GELORA.ME - Putusan Mahkamah Konstitusi Nomor 90/PUU-XXI/2023 tentang batas usia calon presiden dan calon wakil presiden, yang dianggap memberi "karpet merah" bagi pencalonan Gibran Rakabuming Raka putra presiden Jokowi terbukti.
Koalisi Indonesia Maju (KIM) akhirnya resmi mengumumkan mengusung Gibran sebagai calon wakil presiden mendampingi Capres Prabowo Subianto, Minggu 22 Oktober malam
Masyarakat, yang sejak semula menduga putusan Mahkamah Konstitusi (MK) itu akan digunakan sebagai karpet merah untuk memuluskan Gibran, terjawab. Meski putusan MK telah diberlakukan. Namun upaya meminta pertanggung jawaban MK tak berhenti sampai di situ.

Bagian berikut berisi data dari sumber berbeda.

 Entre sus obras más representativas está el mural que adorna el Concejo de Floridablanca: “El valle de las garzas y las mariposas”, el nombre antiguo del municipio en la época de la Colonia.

Sejumlah kalangan masih mempersoalkan putusan itu.
Setidaknya belasan laporan pelanggaran etik membanjiri Majelis Kehormatan Mahkamah Konstitusi (MKMK). Hakim MK, Enny Nurbaningsih mengkonfirmasi telah ada 13 laporan ke MKMK, 7 laporan sudah terimanya. Selanjutnya, sudah dipastikan MKMK akan disibukan dengan penanganan laporan dugaan pelanggaran etik yang masuk, termasuk laporan pelanggaran etik yang terkait Hakim Ketua Anwar Usman dalam perkara pengujian batas usia.
Laporan kepada Anwar Usman antara lain dilayangkan mantan Wakil Menteri Hukum dan HAM di jaman SBY, Denny Indrayana. Ia melapor Usman pada 27 Agustus 2023 atas dugaan konflik kepentingan saat menyidangkan perkara yang berhubungan dengan kerabatnya.

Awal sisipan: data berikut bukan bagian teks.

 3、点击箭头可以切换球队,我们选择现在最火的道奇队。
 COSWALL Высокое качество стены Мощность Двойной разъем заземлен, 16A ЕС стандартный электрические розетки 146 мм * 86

Laporan dugaan pelanggaran etik juga dilayangkan Pergerakan Advokat Nusantara dan Tim Pembela Demokrasi Indonesia (TPDI) pada Rabu, 18 Oktober atau sehari putusan dibacakan. TPDI melaporkan Anwar telah melanggar etik dalam penanganan perkara 29-51-55-90-91-92/PUU-XXI/ 2023. Anwar diduga melanggar Pasal 17 Ayat (3), (4) dan (5) UU Nomor 48 Tahun 2009 tentang Kekuasaan Kehakiman.
Gugatan Seorang Mahasiswa Pengagum Gibran
Seperti diketahui Mahkamah Konstitusi mengabulkan permohonan Perkara 90 uji materi tentang batas usia calon wakil presiden /calon presiden. Putusan itu menimbulkan pro dan kontra, karena dinilai memuluskan keponakannya, Gibran Rakabuming Raka maju menjadi calon wakil presiden.
Gugatan itu berawal dari permohonan yang diajukan Almas Tsaqibbirru seorang Mahasiswa Universitas Surakarta. Almas mengajukan permohonan terkait batas usia pencalonan menjadi capres dan cawapres Pasal 169 huruf q Undang-Undang Nomor 7 Tahun 2017 tentang Pemilihan Umum.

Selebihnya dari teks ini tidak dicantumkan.